I think you hit the nail on the head when you say that you tried to improve all the things he was complaining about, and yet it seemed to make no difference.  That is exactly what happened with me.  But I see now that it's because the problem is not just with us, the betrayed, it is with them!  So we can go around trying to fix all the things they say are wrong, or do all the things they say they need, or be the woman we think they want us to be, but ultimately if they don't look within themselves then only half of the problem gets mended.

Unfortunately they have to reach this point themselves and no amount of prodding or poking from us will do the trick!  I think the saying is "you can take a horse to water, but you can't make it drink."  They are out of our control.  I used to give my husband articles to read, recommend blogs to listen to, books to look at.....what good did it do?  He was in a different place, he wasn't wanting to fix the marriage, he was wanting his next fix from his AP.  I thought many times he had 'chosen' me but really he was staying because it was the right thing to do, and continued his affair all along.

It is a horrible situation to be in, and I think women especially like to fix things or find the solutions.  We are also very good at thinking we are to blame  - you mention that you worry what you did to make him want to leave.  I totally understand how and why you feel like this but you have to remind yourself that he has made a lot of bad choices, and he is probably now struggling with feelings of shame.  It is much easier for him to leave all of that behind than have to face it every day.  And if his AP is anything like my husband's AP, she will be telling him all the things he needs to hear to make the shame less painful, and she will be doing all the things he thinks he needs to feel loved and appreciated. 

I understand your worry that the longer he stays with her the less likely he is to come home.  I think that would have happened if my husband had left - he would have felt obliged to "make it work" with the AP (he told me that himself).  He would have been far too ashamed to come back home or ask for forgiveness.  I don't know what the answer is to that as I have never been in that situation.  My husband ended the affair before it reached that point (and it came very close)  I suppose if you really want him to come back all you can do is make him aware that you would be willing to take him back and do the necessary work towards forgiving him and working on the marriage.  But as for the rest....that's up to him.  It is unfair for you to wait forever.  I think you have to have a time frame in your mind.  Otherwise, he could try it out with his AP, have his fun and then come back when he's had enough, or stay with her if he decides.  He gets to have all the control and you get none!  So at least have a time frame in your mind and stick to it.  Easy for me to say I know, much harder to do in reality.  I had drawn so many 'lines in the sand' that I told myself "If he does it again then our marriage is over" and I found it so hard to stick to it in reality.  I honestly feel your pain and so sad you are in this situation.
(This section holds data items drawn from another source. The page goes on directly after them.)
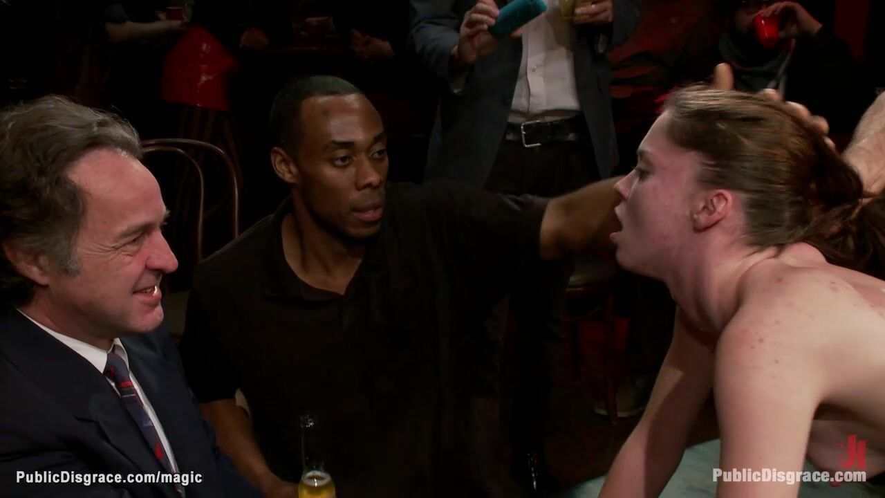 Dom Princess Donna Dolore zippers and binds slave Jessi Palmer and fucks her with dick on a stick then James Deen fucks her with big cock in crowded public bar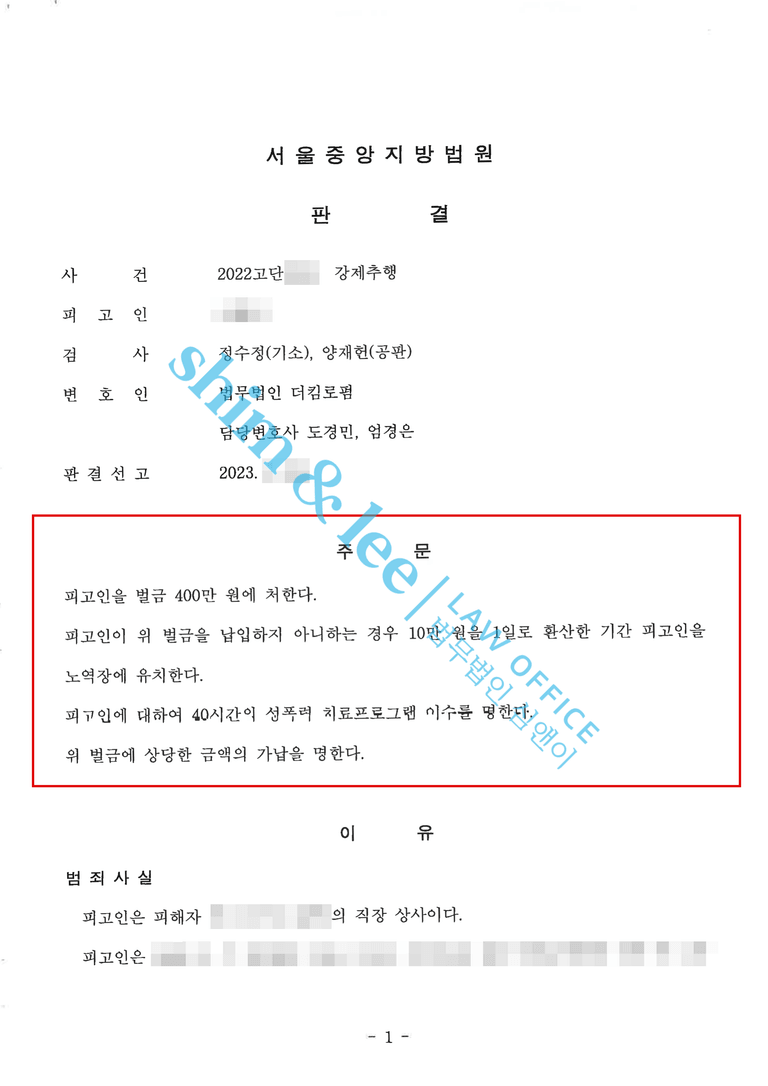3. 1심 재판부는 ①껴안은 행위에 대하여는 CCTV증거가 있기 때문에 강제추행 혐의를 인정, 유죄로 판단하였습니다. 그러나 ②옷 안으로 손을 집어 넣어 가슴을 만지고 입을 맞춘 행위에 대해서는 증거가 부족하기 때문에 이 부분은 무죄로 판단한다며, 일부 혐의를 인정하고 벌금 400만 원을 선고하였습니다.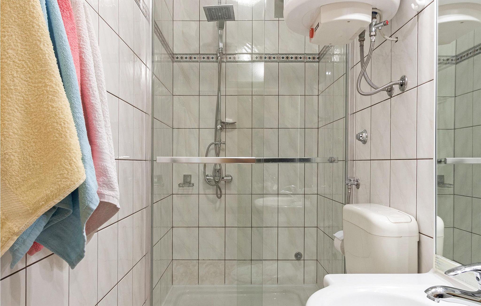 Badrum (nr. 1) - WC: Varmt och kallt vatten. Dusch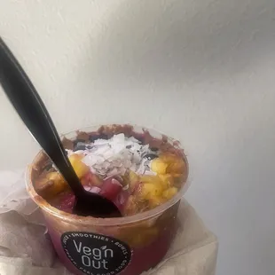 Had an overnight stay in Orlando with a zero dark thirty flight before the hotel breakfast. So I made the best of it by looking for a vegan place where I could order dinner and an acai bowl for breakfast.Man am I glad I found Vegn Out. For dinner I did a build your own bowl, choosing spinach, sweet potatoes, garbanzo beans and a few other veggies. It was delicious and fresh. Then acai bowl had berries, peanut butter and gluten free granola. Score! It also was very tasty. This place is definitely a good option for vegans and others looking for fresh, healthy and tasty meals.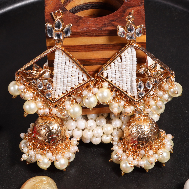 Elevate your traditional collection with the Jiya Stone Studded Hanging Pearl Jhumki Earrings. Expertly crafted, these earrings feature intricate stone detailing paired with elegant hanging pearls, creating a refined fusion of classic charm and contemporary style. Perfect for festive occasions or enhancing your ethnic ensemble, they offer a graceful look that complements diverse outfits. Lightweight yet durable, these jhumkis provide comfort along with sophisticated appeal.
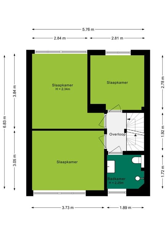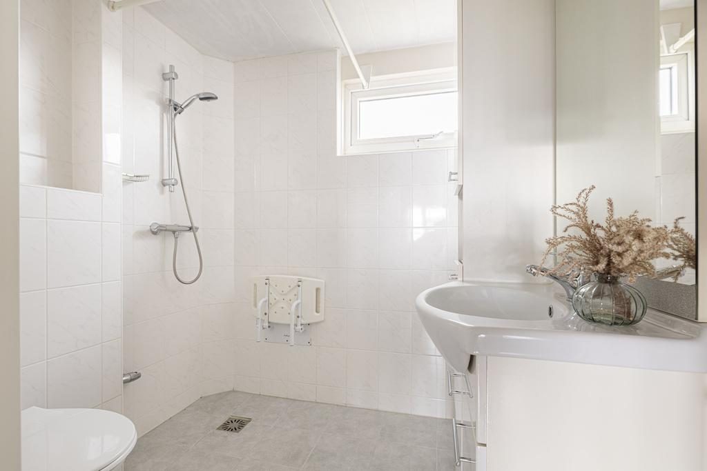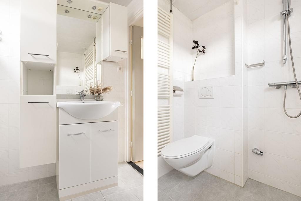 Op de eerste verdieping tref je drie slaapkamers. De slaapkamers aan de achterzijde zijn 11m² en 8m² groot. Aan de voorzijde tref je de derde slaapkamer aan van circa 11m². Alle slaapkamers zijn voorzien van wanden in neutrale kleurstelling. De volledig betegelde badkamer in lichte kleurstelling is voorzien van een douche, wastafel in meubel en toilet. Het raam in de badkamer zorgt voor een beetje daglicht en geeft de mogelijkheid om de badkamer op een natuurlijke manier te ventileren.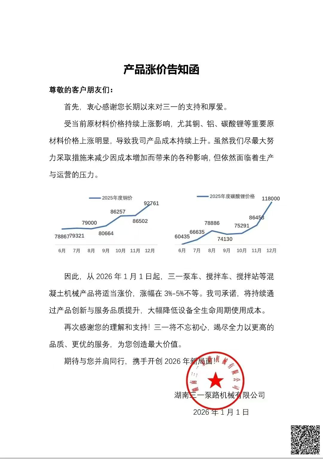近日,湖南三一泵路机械有限公司发布《产品涨价告知函》,宣布自2026年1月1日起,对泵车、搅拌车、搅拌站等混凝土机械产品进行价格上调,涨幅区间为3%-5%。
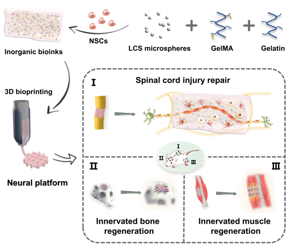 生物3D打印基於(yu) 無機材料/神經幹細胞的神經化構建體(ti) 促進脊髓、顱骨和肌肉損傷(shang) 等組織再生與(yu) 功能恢複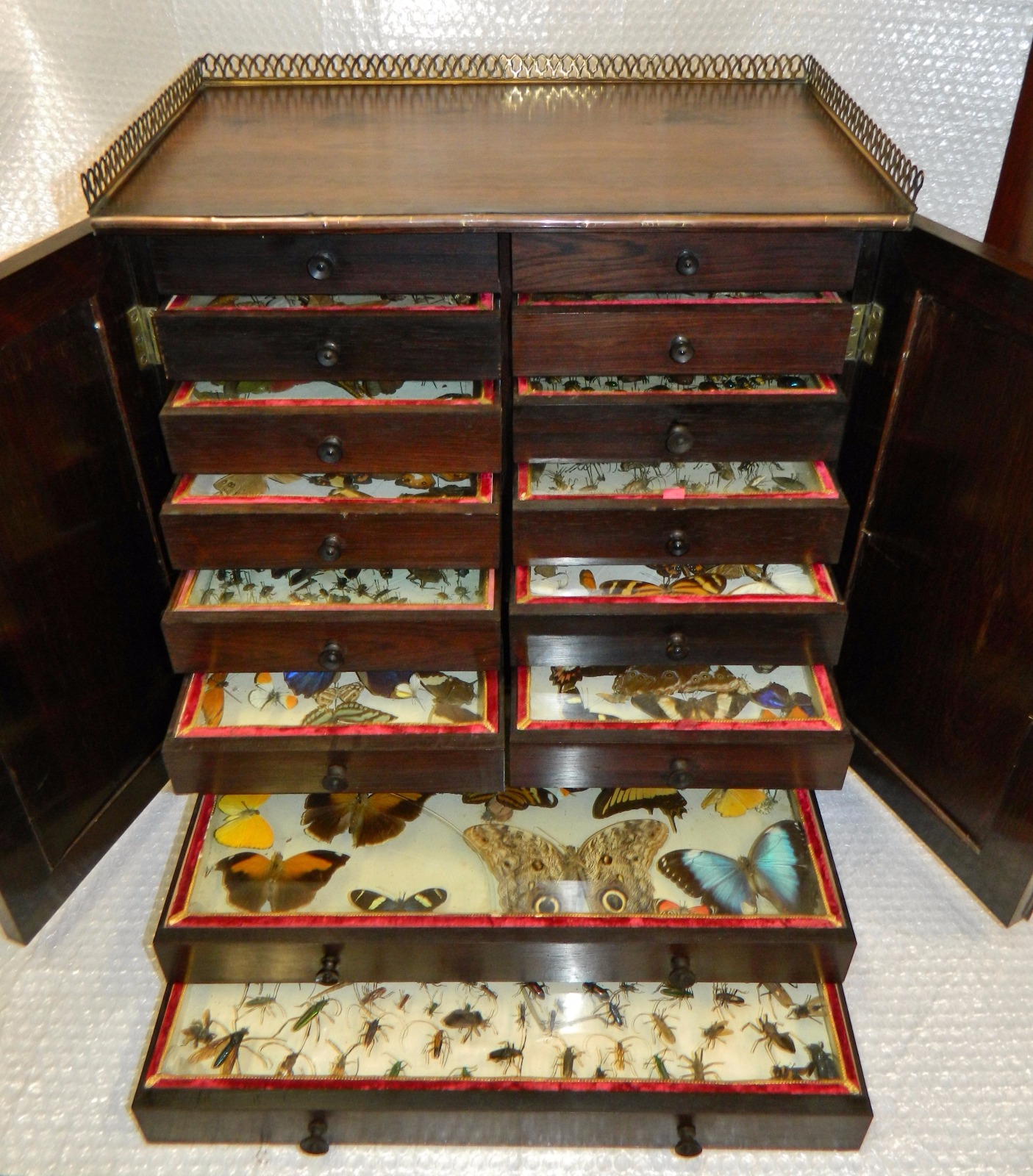 Specimen / Collectors Cabinet with Butterflies, Beetles Etc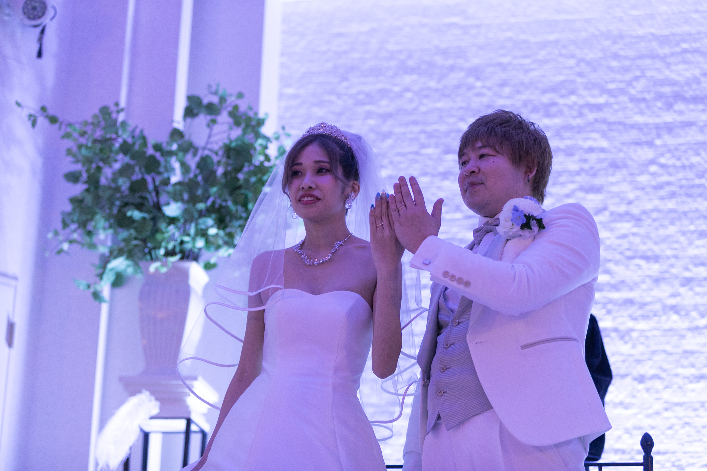Kojiさん♡Yuzukiさん この度はご成婚誠におめでとうございます!! 沢山お話しして、悩んで進めたおふたりのご結婚式は「好き」が詰まった素敵な空間でした。 ディズニーが大好きはおふたりは、新郎様が好きなプーさんと新婦様が好きなアリエルをたくさん使ってウェルカムスペースや会場コーディネートがディズニー一色に!! さらに新婦様が大好きな苺は、ケーキやブーケ・アクセサリーに取り入れて。 準備期間中に分かった妊娠...。 「何かしたい!!」との思いで決めたゲストの皆様への妊娠発表&性別発表は大盛り上がりでしたね!! また、新郎様のお仕事が美容師という事でお色直しではサプライズヘアカットを実行!! ロングヘアからバッサリと短くなって登場した新婦様に皆様驚かれておりました!! ゲスト想いのおふたりだからこそのご結婚式は本当に素敵でした。 おふたりの宝物が生まれた今、家族3人仲良く幸せな家庭を築いていってくださいね♪ 末永くお幸せに...♡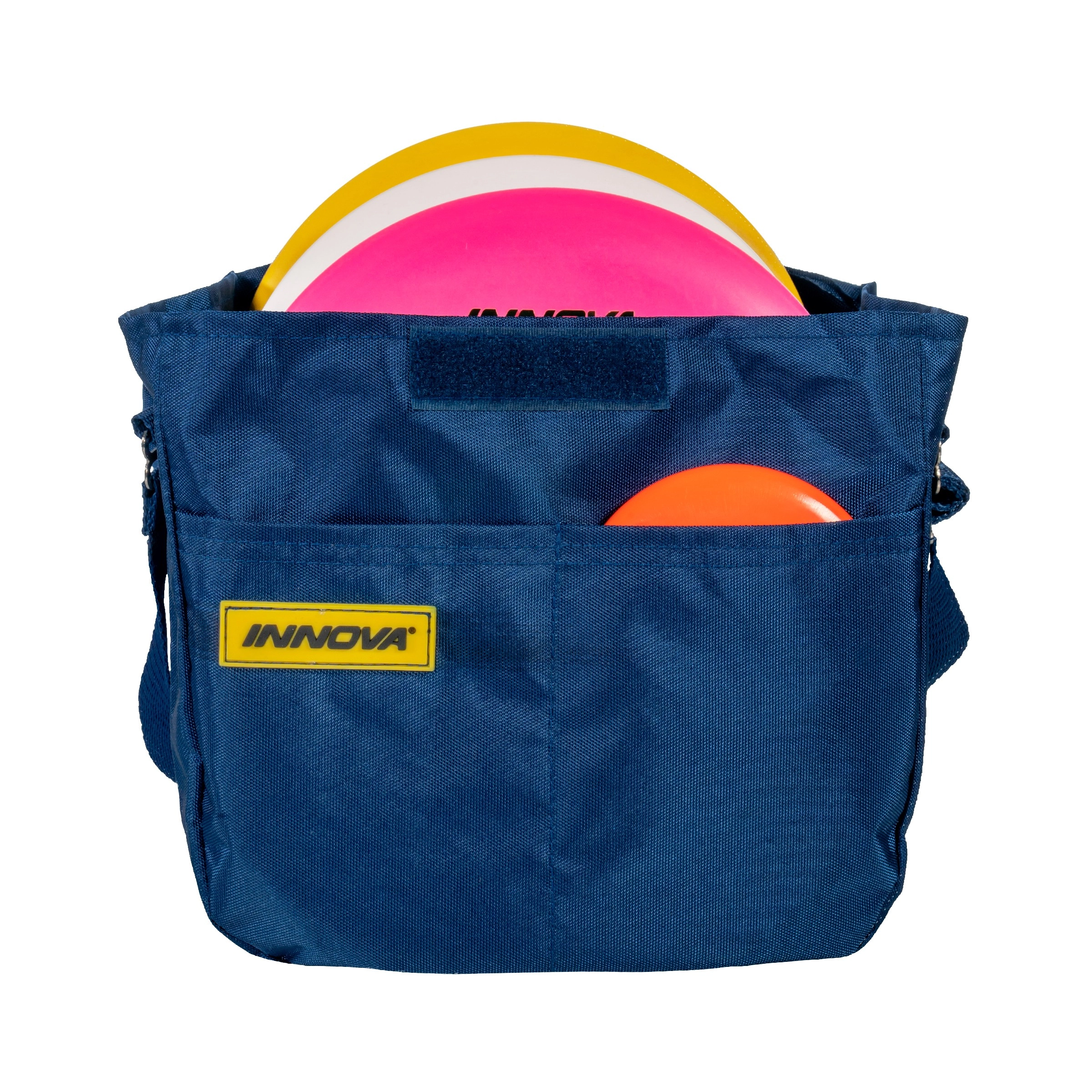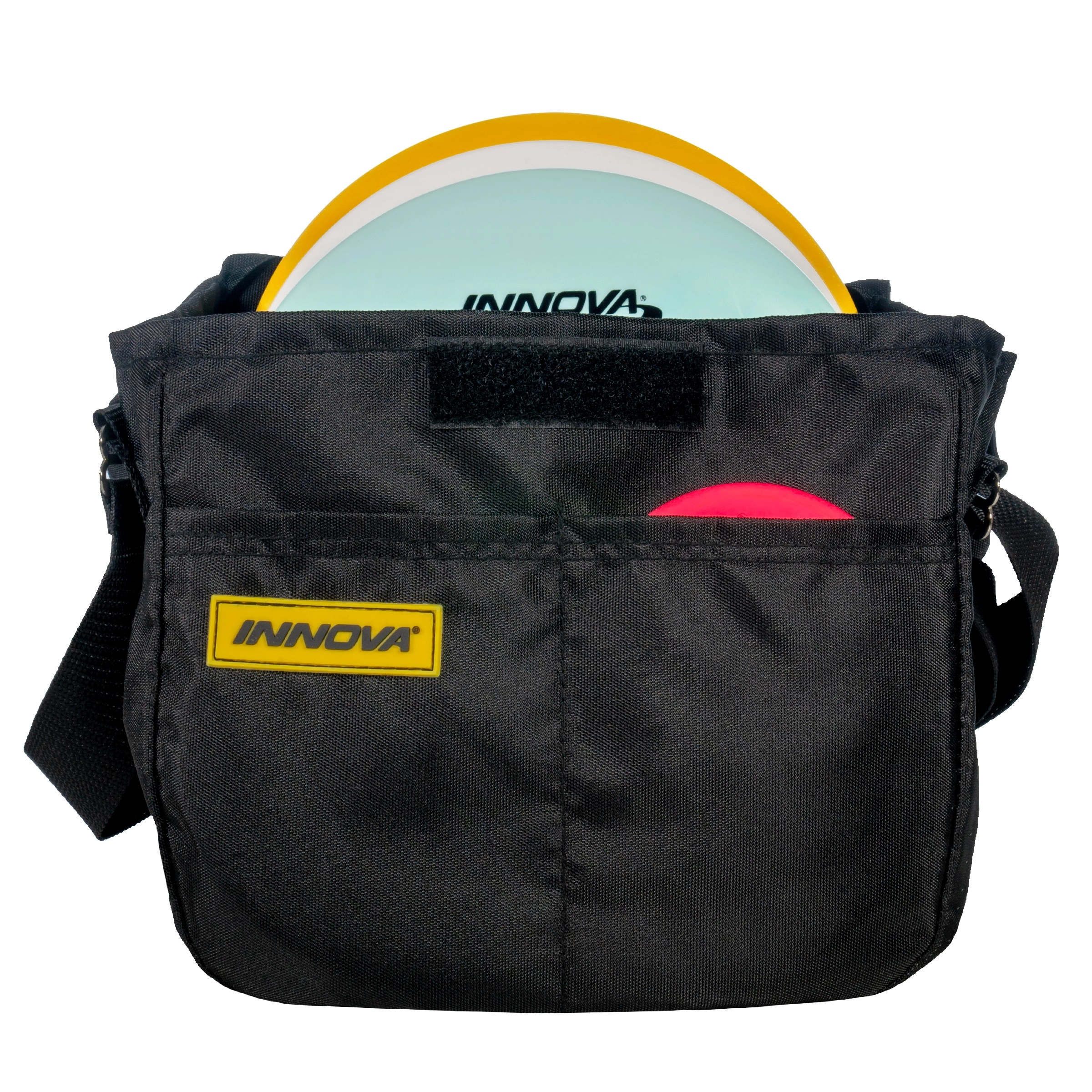 The Innova Go Bag is an excellent minimalist bag. This will hold 8-10 discs. Within its main compartment there are two dividers providing 3 separate pockets to divide your discs. This bag also has two front pockets for the small items. You can fit a wallet, or a mini marker, or keys.

Are things improving with you and your husband?
I definitely have come in and out of moments of wanting to walk away and then wanting to work it out. It seems that always wins. I have hope for a good outcome and want to stay positive. I can see the positive possibilities in my mind of what it could be. I know that's not reality and but I just see the potential. Especially knowing how he was during our relationship and how much I valued what we had.
His AP is reckless. She likes to party. Has a "f$&@ what you think" mentality. I feel like she expects a lot - sees him as someone who can support her. He had said shortly after I found out that she has had a hard life. She wants what she can't have. So I don't know why they are still together then. I think you are right in saying its easier for him. He doesn't have to face things that way. I can tell he has a lot of guilt and emotion behind what's happened. Never seen him this emotional. He has said many times he messed up. It's confusing because he has said he went too far to come back. But also says he loves me and that he is trying to find his way out still. But all the while living with her. He doesn't know that I know. He hasn't told me himself they are living together. I have just put two and two together - her Instagram had been a good source of information. I don't look at it anymore though because its too painful.
I have wanted to tell him many times that I'm willing to work on this. But I recently asked for nc for 5 weeks and feel I need to follow through with that. Because a lot of times in the past I said I wasn't going to talk to him and I still did. I still struggle with that now. I want to reach out to him. I try to just tell myself 5 weeks isn't that long in the grand scheme of things. I don't know.
I know that's all I can do. Tell him I want this to work. And keep working on myself because I know there are things I can still improve. And get myself in a stronger better direction. I know I can't wait forever either. I just don't want to give up hope for him. Even though he gave up on us I don't want to give up on him.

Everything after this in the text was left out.